Problem to solve
Your copy should hold only the lines from the one with "Wedge black suede" to the one with "원하는 곳에 저장되는", both included, each exactly as it stands below, with no pictures.

***** Records shown

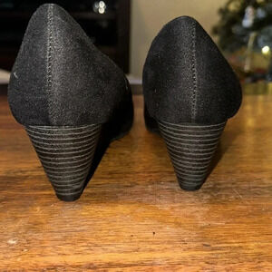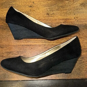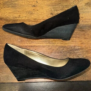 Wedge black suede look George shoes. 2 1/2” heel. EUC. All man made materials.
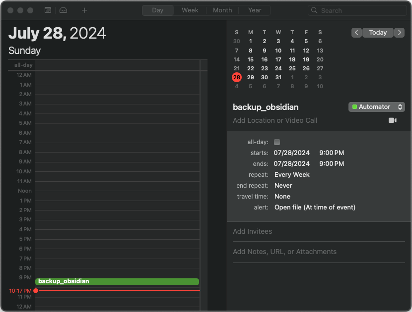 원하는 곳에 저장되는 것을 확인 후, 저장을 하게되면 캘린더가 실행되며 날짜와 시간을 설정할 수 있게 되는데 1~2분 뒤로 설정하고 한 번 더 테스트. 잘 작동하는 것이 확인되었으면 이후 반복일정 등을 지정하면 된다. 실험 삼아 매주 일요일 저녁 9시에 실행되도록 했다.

**********
***** Records shown

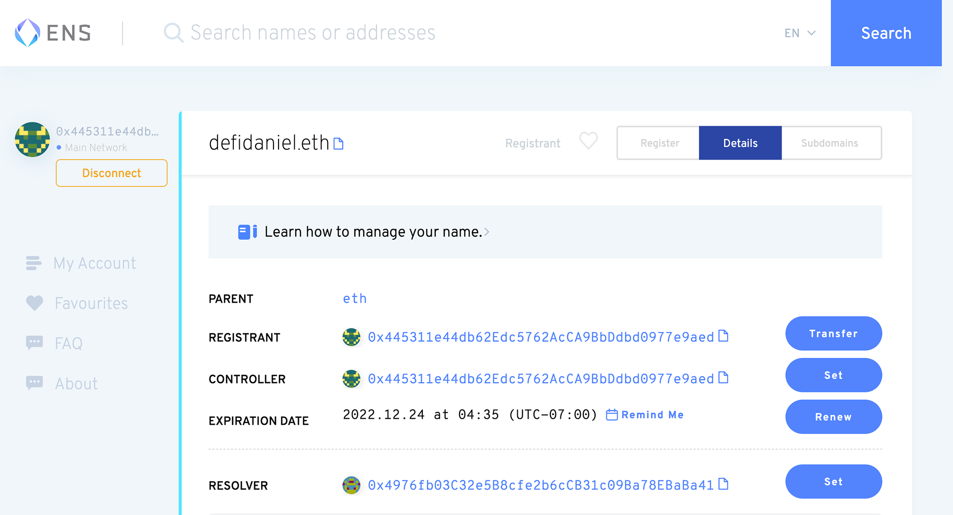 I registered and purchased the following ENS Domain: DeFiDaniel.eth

**********

Task result
 Wedge black suede look George shoes. 2 1/2” heel. EUC. All man made materials.
 원하는 곳에 저장되는 것을 확인 후, 저장을 하게되면 캘린더가 실행되며 날짜와 시간을 설정할 수 있게 되는데 1~2분 뒤로 설정하고 한 번 더 테스트. 잘 작동하는 것이 확인되었으면 이후 반복일정 등을 지정하면 된다. 실험 삼아 매주 일요일 저녁 9시에 실행되도록 했다.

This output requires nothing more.